DATA FOR PROCESSING ->
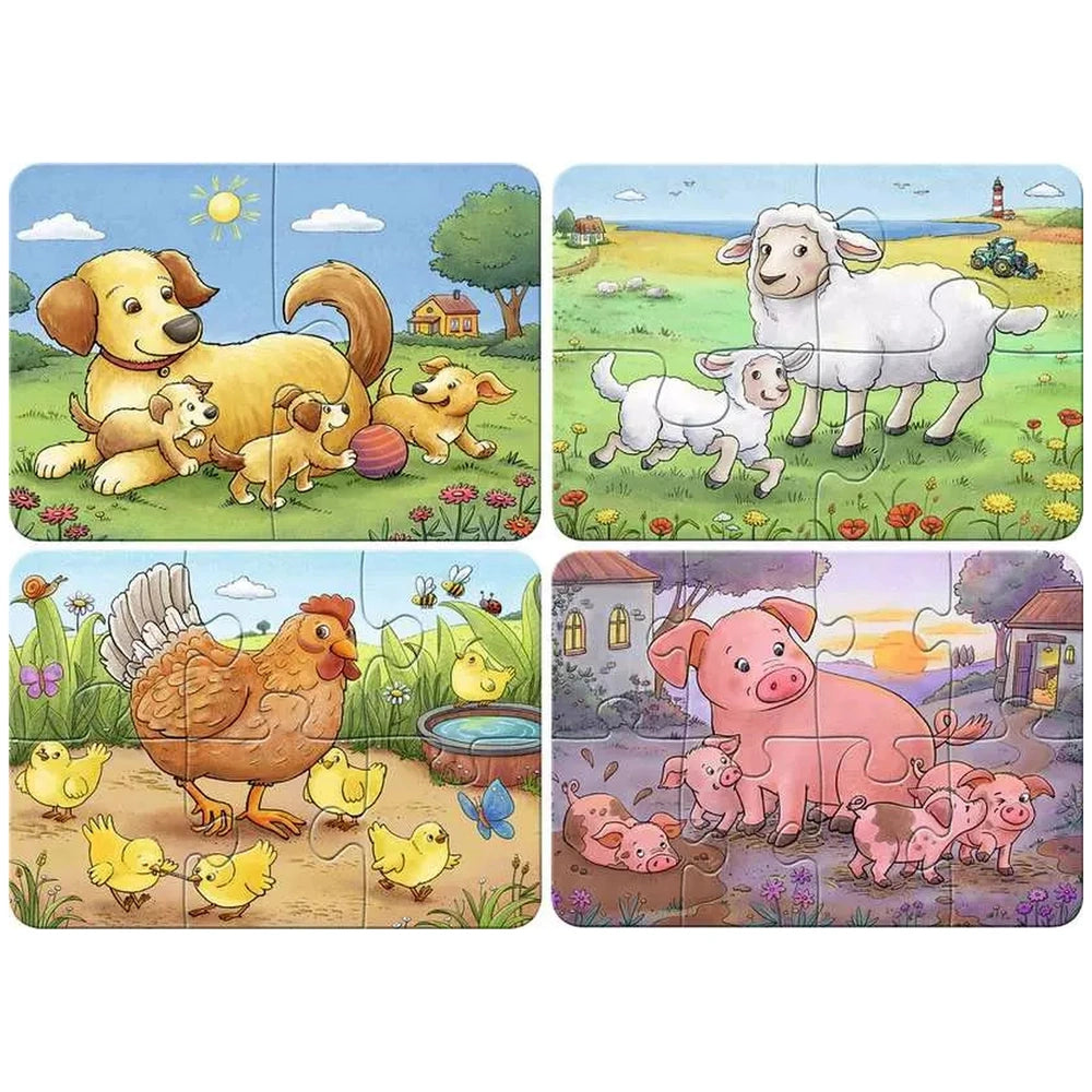 Introducing the Ravensburger - My First Puzzles Pieces 2-4-6-8 Kleine Bauernhoftiere, an engaging and educational puzzle set designed specifically for toddlers. This delightful collection features puzzles with increasing piece counts of two, four, six, and eight, making it the perfect introduction to the world of puzzles for young children. Each puzzle is crafted with large, easy-to-handle pieces that are ideal for little hands, ensuring that your child can enjoy the satisfaction of completing a puzzle independently.
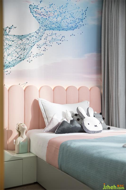 可以发现,女孩房的设计洋溢着海洋气息,一系列元素皆源自于小主人对大海的向往。粉色与蓝色为房间的主色调,为这个充满自由、探索精神的秘密领地注入了天真烂漫。
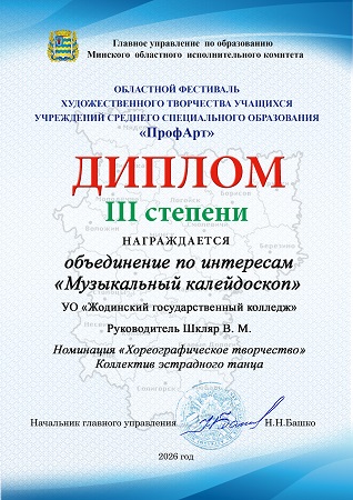 Диплом 3 степени областного фестиваля художественного творчества учащихся учреждений среднего специального образования «ПрофАрт» в номинации «Хореографическое творчество» получил коллектив эстрадного танца группы 06-32 объединения по интересам «Музыкальный калейдоскоп» с участием мастера производственного обучения Сморгович Н.Г.;
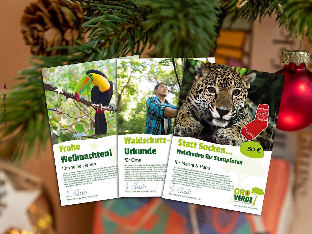 Dann verschenken Sie doch Regenwaldschutz im Namen Ihrer Lieben mit einer Geschenkurkunde! Jede Urkunde können Sie bei der Bestellung mit einer persönlichen Widmung versehen und erhalten sofort einen Downloadlink zu Ihrem persönlichen Weihnachtsgeschenk, dass Sie sich bequem zuhause ausdrucken oder einfach digital verschenken können. Ihre Spende im Namen des Beschenkten fließt in die Regenwaldschutzprojekte von OroVerde und ist zudem für Sie steuerlich absetzbar.
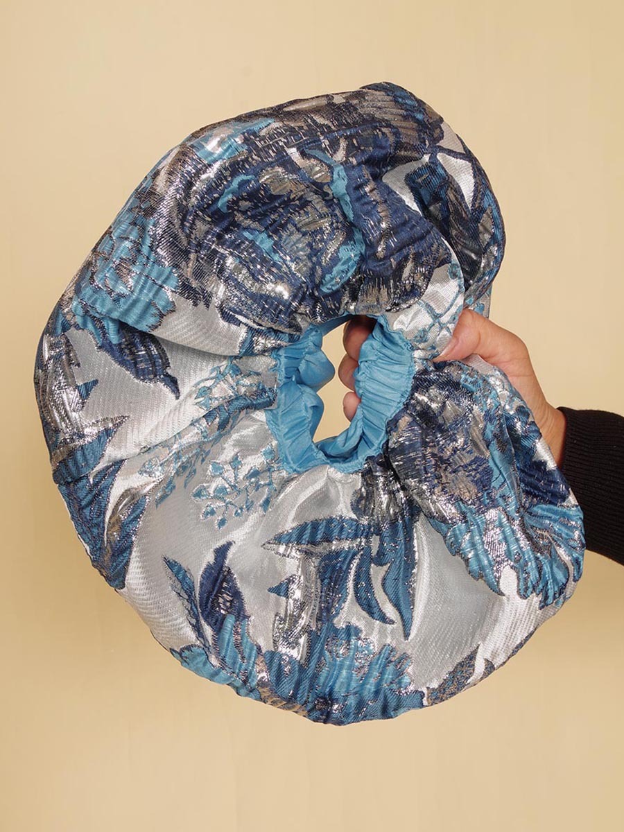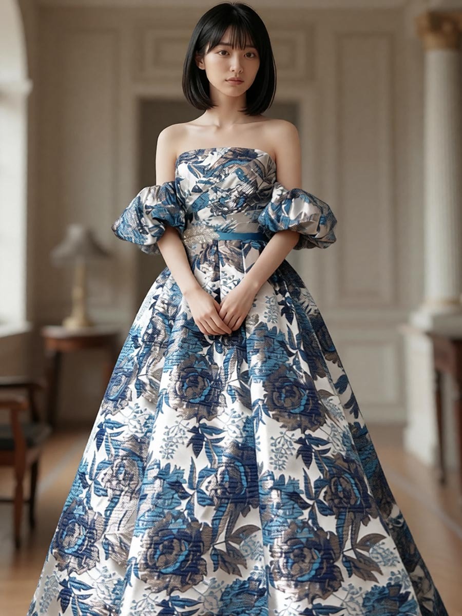 ジャガードブルーカラーをベースにデザインさせて頂いた、取り外し可能なオフショルダー設計のステージドレスの製作例のご紹介です。

DESCRIPTION OF THE TASK ->
Take the material above from its first line through the line holding "Диплом 3 степени" and set it down exactly, without the pictures.

EXPECTED ANSWER ->
 Introducing the Ravensburger - My First Puzzles Pieces 2-4-6-8 Kleine Bauernhoftiere, an engaging and educational puzzle set designed specifically for toddlers. This delightful collection features puzzles with increasing piece counts of two, four, six, and eight, making it the perfect introduction to the world of puzzles for young children. Each puzzle is crafted with large, easy-to-handle pieces that are ideal for little hands, ensuring that your child can enjoy the satisfaction of completing a puzzle independently.
 可以发现,女孩房的设计洋溢着海洋气息,一系列元素皆源自于小主人对大海的向往。粉色与蓝色为房间的主色调,为这个充满自由、探索精神的秘密领地注入了天真烂漫。
 Диплом 3 степени областного фестиваля художественного творчества учащихся учреждений среднего специального образования «ПрофАрт» в номинации «Хореографическое творчество» получил коллектив эстрадного танца группы 06-32 объединения по интересам «Музыкальный калейдоскоп» с участием мастера производственного обучения Сморгович Н.Г.;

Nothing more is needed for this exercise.